EXERCISE DETAILS:
Would you please repeat exactly the entries below, starting at the line with "Набор автомобилиста базовый" and ending at the line with "A limited edition", and nothing outside that range? Leave out the pictures.
[DATA RECORDS]
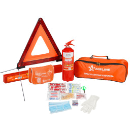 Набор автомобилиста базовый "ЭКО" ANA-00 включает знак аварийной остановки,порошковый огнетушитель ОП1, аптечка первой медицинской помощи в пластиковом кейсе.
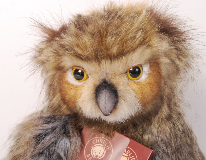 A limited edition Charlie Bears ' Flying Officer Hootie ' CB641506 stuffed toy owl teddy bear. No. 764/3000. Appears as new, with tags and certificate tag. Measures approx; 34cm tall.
[/DATA RECORDS]
[DATA RECORDS]
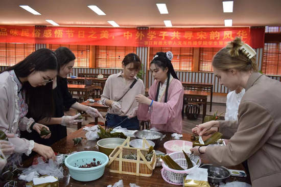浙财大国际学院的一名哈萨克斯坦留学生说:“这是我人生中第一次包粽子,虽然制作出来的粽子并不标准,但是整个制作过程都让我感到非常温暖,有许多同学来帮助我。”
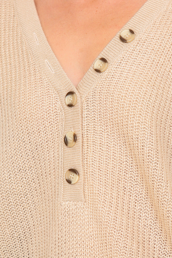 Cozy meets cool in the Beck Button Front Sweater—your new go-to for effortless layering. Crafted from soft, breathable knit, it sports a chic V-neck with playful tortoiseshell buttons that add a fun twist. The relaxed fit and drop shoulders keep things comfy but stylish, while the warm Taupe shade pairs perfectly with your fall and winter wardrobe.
[/DATA RECORDS]
[DATA RECORDS]
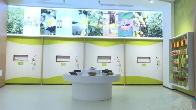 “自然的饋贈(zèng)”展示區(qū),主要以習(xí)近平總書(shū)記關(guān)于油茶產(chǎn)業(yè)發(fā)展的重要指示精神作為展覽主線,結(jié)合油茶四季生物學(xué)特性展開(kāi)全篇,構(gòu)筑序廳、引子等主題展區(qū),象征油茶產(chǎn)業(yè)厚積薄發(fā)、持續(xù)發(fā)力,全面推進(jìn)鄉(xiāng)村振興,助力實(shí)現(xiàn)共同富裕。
[/DATA RECORDS]
EXERCISE RESULT:
 Набор автомобилиста базовый "ЭКО" ANA-00 включает знак аварийной остановки,порошковый огнетушитель ОП1, аптечка первой медицинской помощи в пластиковом кейсе.
 A limited edition Charlie Bears ' Flying Officer Hootie ' CB641506 stuffed toy owl teddy bear. No. 764/3000. Appears as new, with tags and certificate tag. Measures approx; 34cm tall.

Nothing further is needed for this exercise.